Try it:
Below is a set of records; reproduce them exactly without their pictures.

::: Records for this task :::

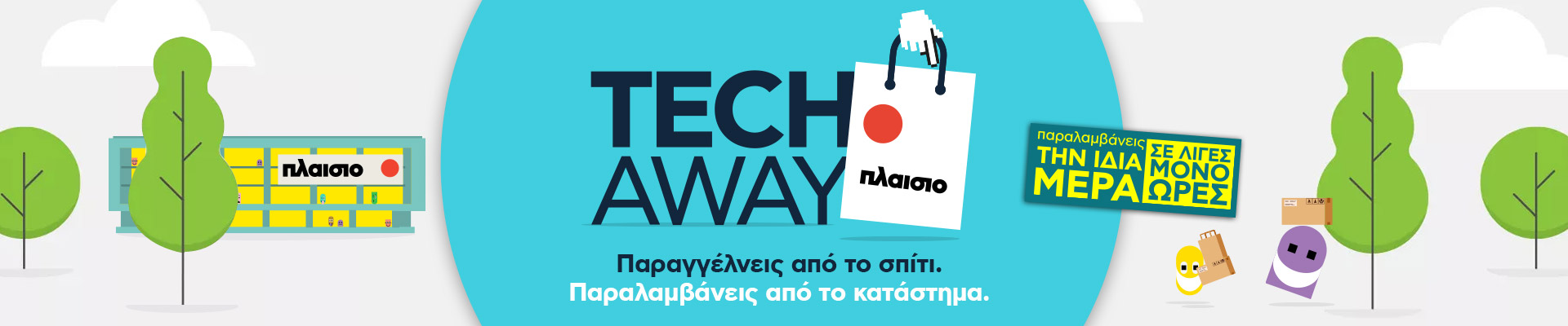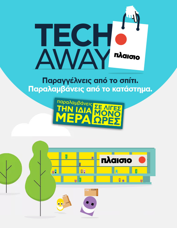 Είδες κάτι το πρωί στο plaisio.gr και το θες στα χέρια σου άμεσα; Τότε TECH AWAY! Παραγγέλνεις από το σπίτι. Παραλαμβάνεις από το κατάστημα την ίδια μέρα, σε λίγες μόνο ώρες, χωρίς να περιμένεις στην ουρά του ταμείου!
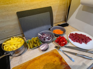 Мясо обмойте и хорошенько обсушите бумажными полотенцами. Нарежьте его брусочками, как на обычный гуляш. Обратите внимание на то, что мясо нарезается поперек волокон, чтобы при жарке оно оставалось мягким.
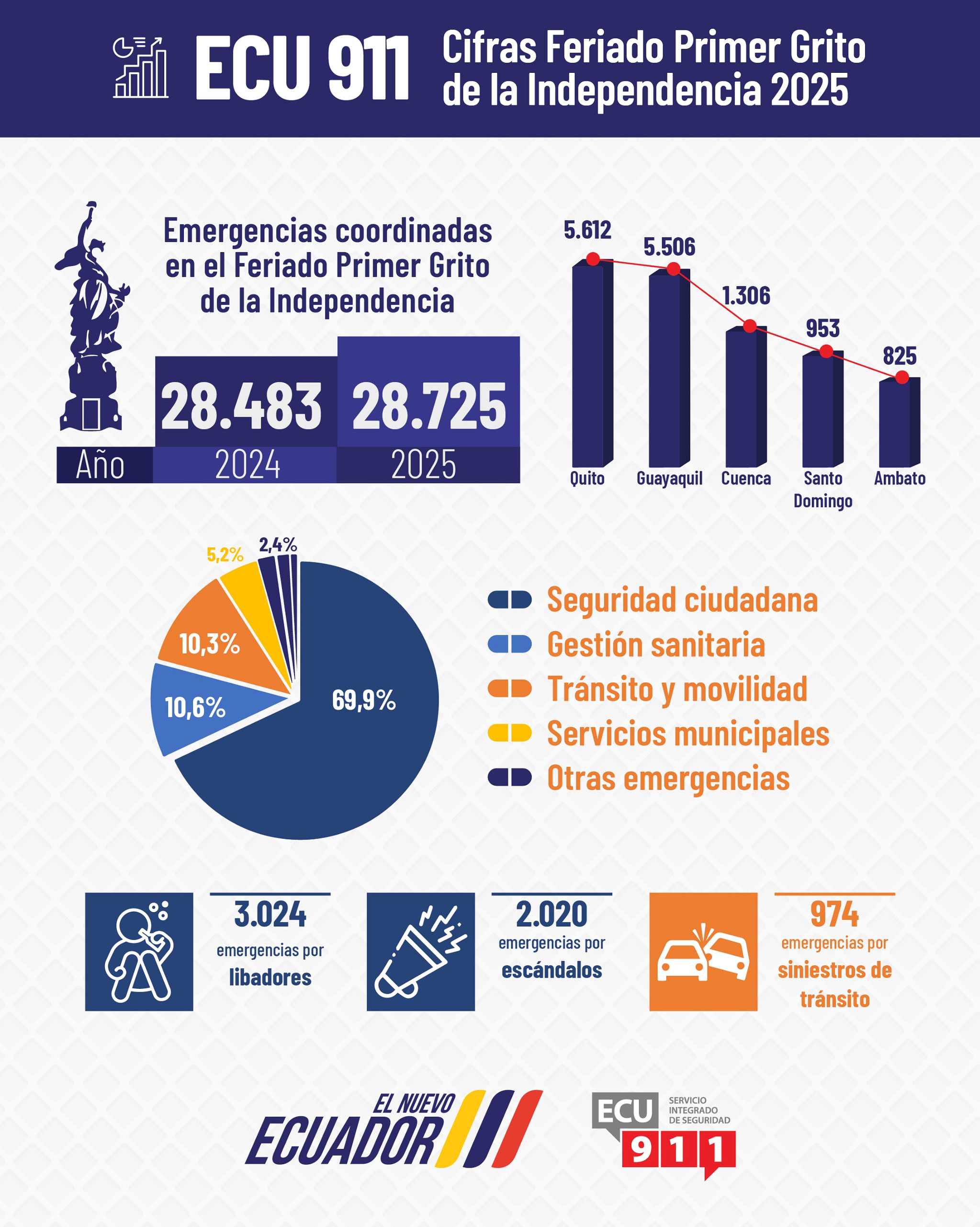 El Servicio Integrado de Seguridad ECU-911, en coordinación con las entidades de primera línea de respuesta, atendió 28.725 emergencias del 8 al 11 de agosto, durante el feriado por el Primer Grito de la Independencia. Siendo el Distrito Metropolitano de Quito el que concentró el mayor número de novedades.
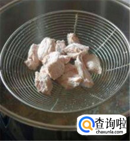选择瘦猪肉清洗干净,切成小方块,用开水焯一分钟,变色后捞出来,用冷水洗一下。
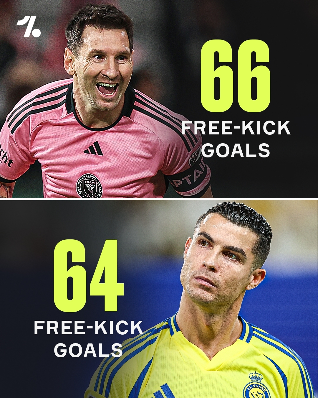 而梅西和C罗职业生涯至今分别打进了66粒任意球和64粒任意球。
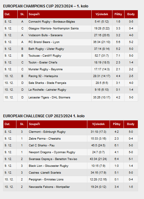 V Evropě byl rozehrán Champions Cup, ve kterém v každé ze čtyř skupin označených písmeny od A až po D startuje šest klubů.
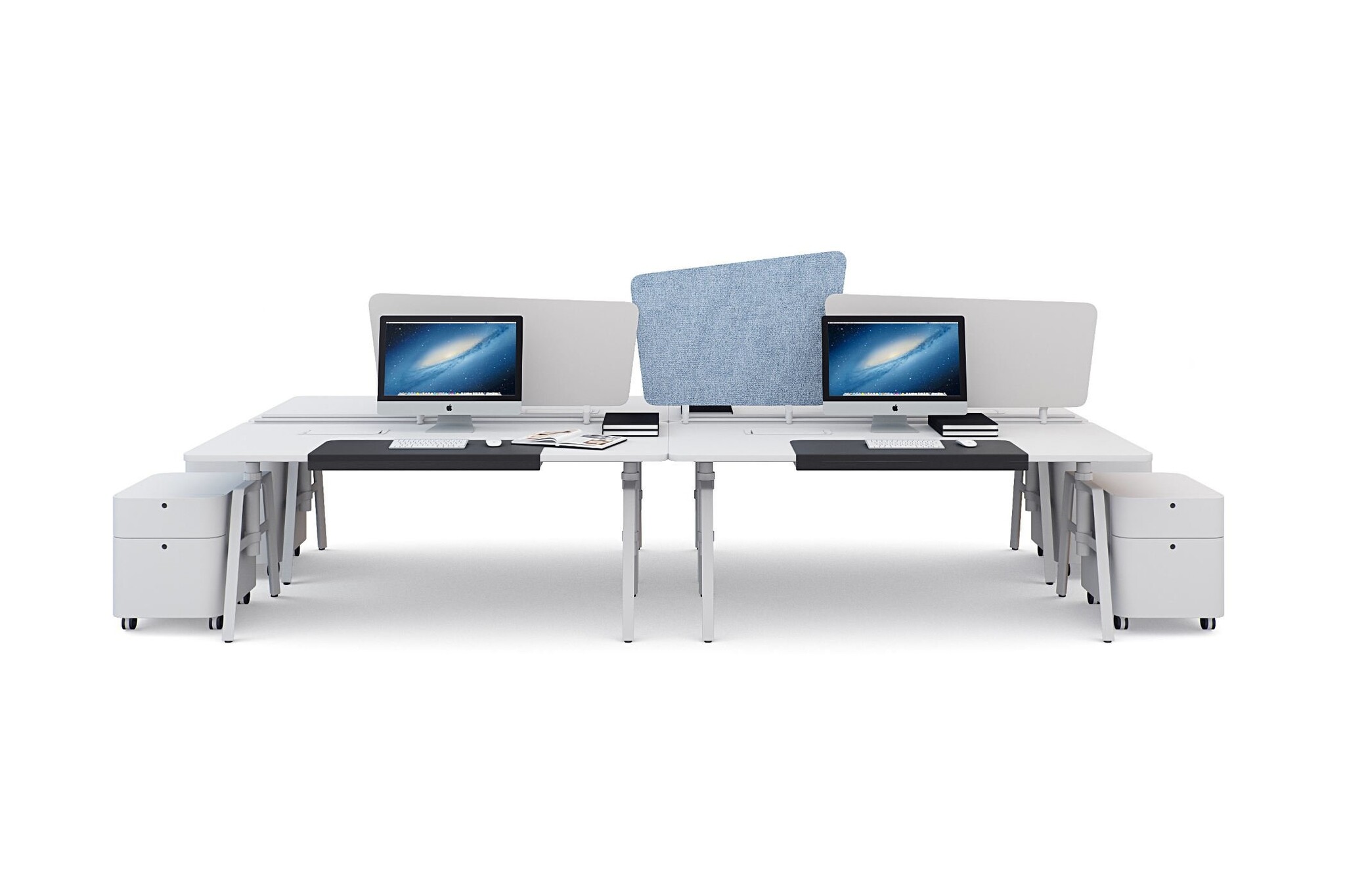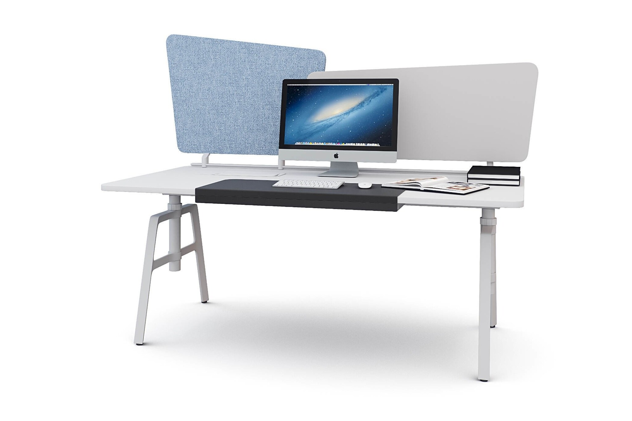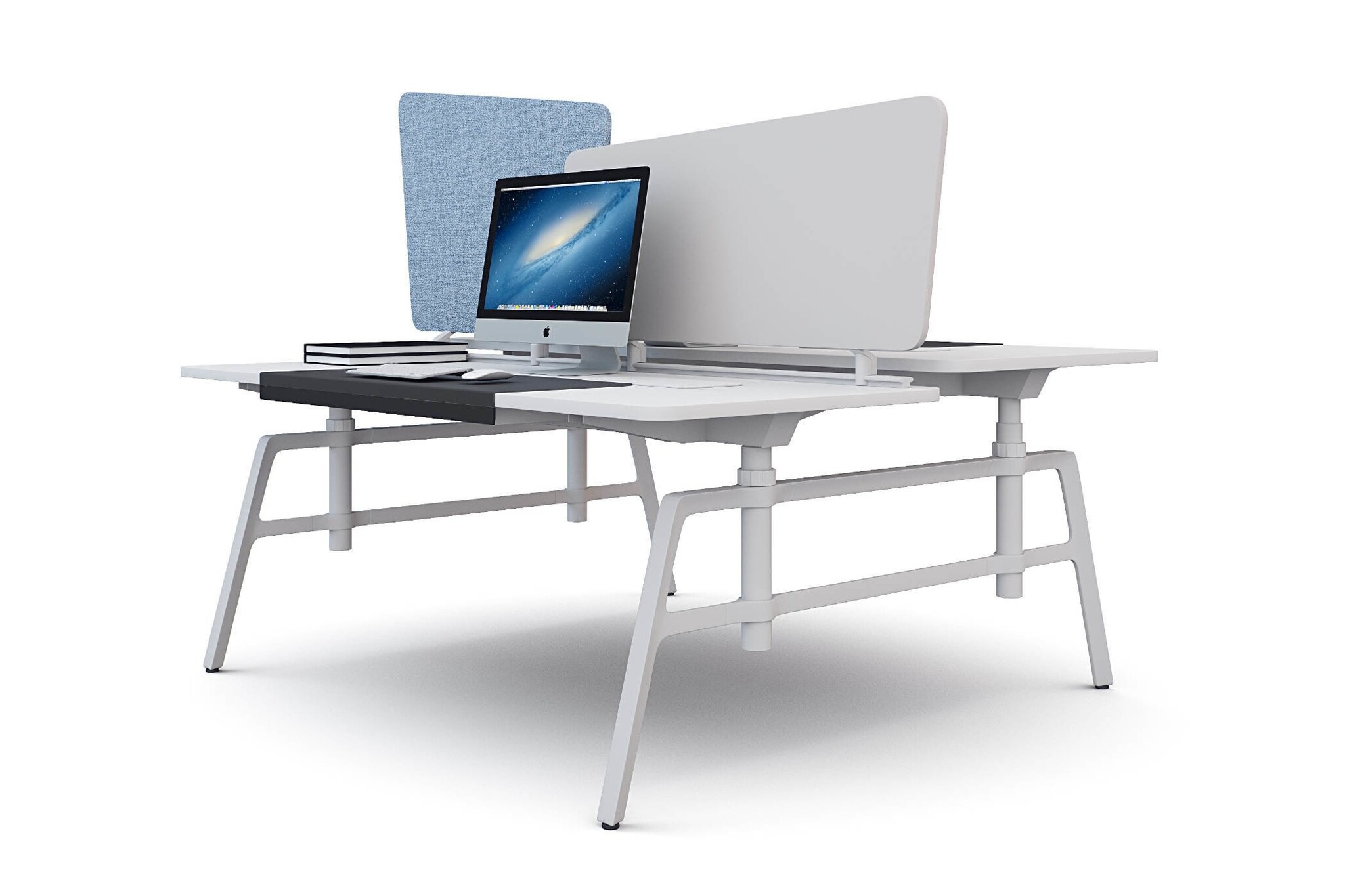 De Etio van Wiesner Hager is een kantoor tafelprogramma met verschillende mogelijkheden. Leverbaar als bureau met of zonder scheidingswanden om open of gesloten te werken. De tafel heeft een onderscheidende A-vormige aluminium poot. De hoogte van het tafelblad is eenvoudig verstelbaar, waardoor de tafel ideaal als bureau te gebruiken is door verschillende mensen. Makkelijk toepasbaar in ruimtes waar flexibel gewerkt wordt. Schermen | wanden van verschillende vormen en materialen zorgen voor het vereiste niveau van privacy. Schermen, monitors, bureaulampen of trays kunnen met behulp van een organisator rail gemonteerd worden aan het tafelblad.Kenmerken Wiesner Hager Etio werkplek
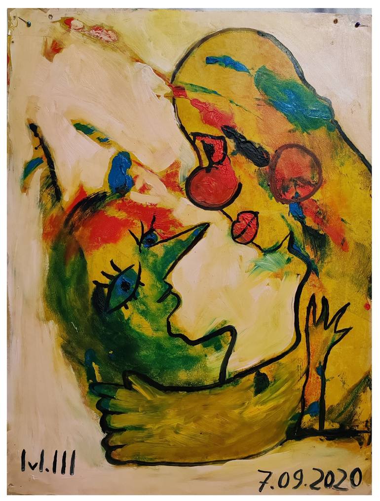 In my childhood I once saw a clown so close. The clown hugged me. It was a female clown. I was four years old. When I had already painted this picture I remembered that one moment.
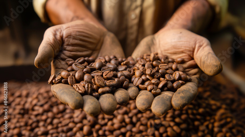 Hands of people holding roasted coffee beans, A worker inspects fragrant roasted coffee beans taking them in his hands at production plant

:::

Response:
 Είδες κάτι το πρωί στο plaisio.gr και το θες στα χέρια σου άμεσα; Τότε TECH AWAY! Παραγγέλνεις από το σπίτι. Παραλαμβάνεις από το κατάστημα την ίδια μέρα, σε λίγες μόνο ώρες, χωρίς να περιμένεις στην ουρά του ταμείου!
 Мясо обмойте и хорошенько обсушите бумажными полотенцами. Нарежьте его брусочками, как на обычный гуляш. Обратите внимание на то, что мясо нарезается поперек волокон, чтобы при жарке оно оставалось мягким.
 El Servicio Integrado de Seguridad ECU-911, en coordinación con las entidades de primera línea de respuesta, atendió 28.725 emergencias del 8 al 11 de agosto, durante el feriado por el Primer Grito de la Independencia. Siendo el Distrito Metropolitano de Quito el que concentró el mayor número de novedades.
选择瘦猪肉清洗干净,切成小方块,用开水焯一分钟,变色后捞出来,用冷水洗一下。
 而梅西和C罗职业生涯至今分别打进了66粒任意球和64粒任意球。
 V Evropě byl rozehrán Champions Cup, ve kterém v každé ze čtyř skupin označených písmeny od A až po D startuje šest klubů.
 De Etio van Wiesner Hager is een kantoor tafelprogramma met verschillende mogelijkheden. Leverbaar als bureau met of zonder scheidingswanden om open of gesloten te werken. De tafel heeft een onderscheidende A-vormige aluminium poot. De hoogte van het tafelblad is eenvoudig verstelbaar, waardoor de tafel ideaal als bureau te gebruiken is door verschillende mensen. Makkelijk toepasbaar in ruimtes waar flexibel gewerkt wordt. Schermen | wanden van verschillende vormen en materialen zorgen voor het vereiste niveau van privacy. Schermen, monitors, bureaulampen of trays kunnen met behulp van een organisator rail gemonteerd worden aan het tafelblad.Kenmerken Wiesner Hager Etio werkplek
 In my childhood I once saw a clown so close. The clown hugged me. It was a female clown. I was four years old. When I had already painted this picture I remembered that one moment.
 Hands of people holding roasted coffee beans, A worker inspects fragrant roasted coffee beans taking them in his hands at production plant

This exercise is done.